According to the WHO European Region Health 2020 policy framework , successful governments may achieve real improvements in health if they work across government to improve health for all and reduce health inequalities. Many groups, with immigrants being one of them, have been left behind and, in many instances, as economies falter, health inequalities are growing within and between countries. Access for all, to high-quality and affordable care is considered one of the milestones towards an equitable, sustainable and of high quality health system.
Greece has been traditionally a country which sent immigrants to rapidly developing countries. However, since the early ‘90s it has transformed into a country which hosts immigrants, mainly from the Balkans . In 2009, 958.000 immigrants (both documented and undocumented) were estimated to be living in Greece comprising 9% of the population . Most of the immigrants are coming from Albania (58%) and countries from Eastern Europe (Ukraine, Moldavia, Georgia etc.) at a percentage of (14%) while immigrants from Asia and Africa are estimated to be 10% of migrant population.
Evidence shows that immigrants are more vulnerable to social and economic disadvantage, something that affects health outcomes as well as access to health care [4, 5]. In particular, social exclusion is closely linked to migration . Socially excluded are defined by the same authors, as those who are marginalised and stigmatised due to their distinguishing characteristics (e.g. low paid wages). These groups are more likely to be excluded from a number of social and community life aspects such as participation in civil society, lack of or inadequate provision of social goods (e.g. language services), education and healthcare, and exclusion from social production and consumption. As far as healthcare is concerned, immigrants usually face obstacles and difficulties in accessing the health services of the country of their residence as well as the quality of any services provided. European Union authorities have pinpointed the specific problem and have stressed the need for application of national policies for tackling it .
The health care system in Greece is linked to employment status and type of employment. The newly created National Health Services Organization was intended to cover the vast majority (more than 95%) of the population (workforce, dependents and pensioners), assuming the presence of only short-term unemployment. The basis for entitlement is insurance status. Regarding entitlement of migrants to health services, as stated in a study  conducted for the policies on health care for migrants in EU 27 “migrants legally residing in the country enjoy the same rights as citizens in terms of access to the healthcare system. The requirement however is to have insurance, as they cannot claim the welfare benefit, nor the card which allows persons with low income free access to healthcare. Free (or subsidized) healthcare is strictly connected to affiliation to a social insurance. Only legal aliens, namely those holding a residence and employment permit, have a right to social insurance”.
However, in the context of the deep crisis, unemployment rose rapidly since 2009 to reach 26.8% in January 2013. Under pre-existing legislation, EOPYY only effectively covers the unemployed for a maximum of two years, thus leading to a rise in the percentage of the uninsured population and migrants, as a vulnerable group, are mostly affected by that economic turmoil.
Even though scientists and health policies are continually dealing with the issue of inequalities in health care [9, 10] there is not clear evidence about the health status of the approximately one million immigrants living in Greece today and their accessibility to healthcare services. Although immigrants are considered as a high risk group, vulnerable to poverty and social exclusion, there is a lack of an in-depth analysis and documentation of the factors that lead to this situation.
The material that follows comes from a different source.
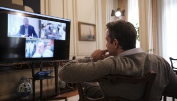 Τηλεδιάσκεψη με στελέχη των Μονάδων Εντατικής Θεραπείας πέντε μεγάλων δημόσιων νοσοκομείων, τον Απόστολο Αρμαγανίδη από το «Αττικόν», την Αναστασία Κοτανίδου από τον «Ευαγγελισμό», την Αντωνία Κουτσούκου από το νοσοκομείο «Η Σωτηρία», την Ελένη Γκέκα από το ΑΧΕΠΑ και τη Μηλίτσα Μπιτζάνη από το «Γ. Παπανικολάου» της Θεσσαλονίκης, είχε το απόγευμα της Τρίτης ο πρωθυπουργός Κυριάκος Μητσοτάκης.
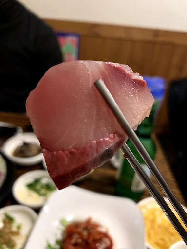 Read more자연산모듬회가 얼마전까지 35000원이었는데, 단시간에 4,5000으로 가격이 많이 올랐네요. 회종류는 비싼 줄가자미, 농어, 도다리, 노래미, 광어로 다양하게 맛볼수 있어 좋았으나, 회를 뜬 크기가 많이 작아 맛을 느끼기가 힘들어 아쉬웠네요. 줄가자미는 씨알 자체가 작은것이라 특유의 고소함이 많이 부족하였습니다. 차라리 살짝 숙성된 노래미가 감칠맛이 나서 좋았습니다. 전반적으로 음식은 깔끔했으나 남성 성인이 먹기에는 다소 아쉬운 양이었습니다. 물가가 오른부분은 인정하지만 4명이서 술값 포함해 20만원이 넘는 가격으로 본다면 뭔가 조금 아쉬운...

Until today, there hasn’t been a formed policy regarding the access and use of health care services mainly due to a lack of sound data for the epidemiological profile of immigrants and the use of health services by them. Therefore the development of any health care policy for immigrants must be evidence-based on health care needs of immigrants. Additionally, information is needed regarding the extent that the immigrants have access in health services and if that access is of satisfactory quality. Inevitably studies regarding the health literacy and use of health care services are essential.
This study aimed to explore the perceived barriers to access and utilization of healthcare services by immigrants in Greece. The present project aims to fill a gap by investigating the perceptions of immigrants from developing countries on barriers to healthcare access in Greece and proceed to specific proposals regarding the best ways to enhance the access of these groups in health care services.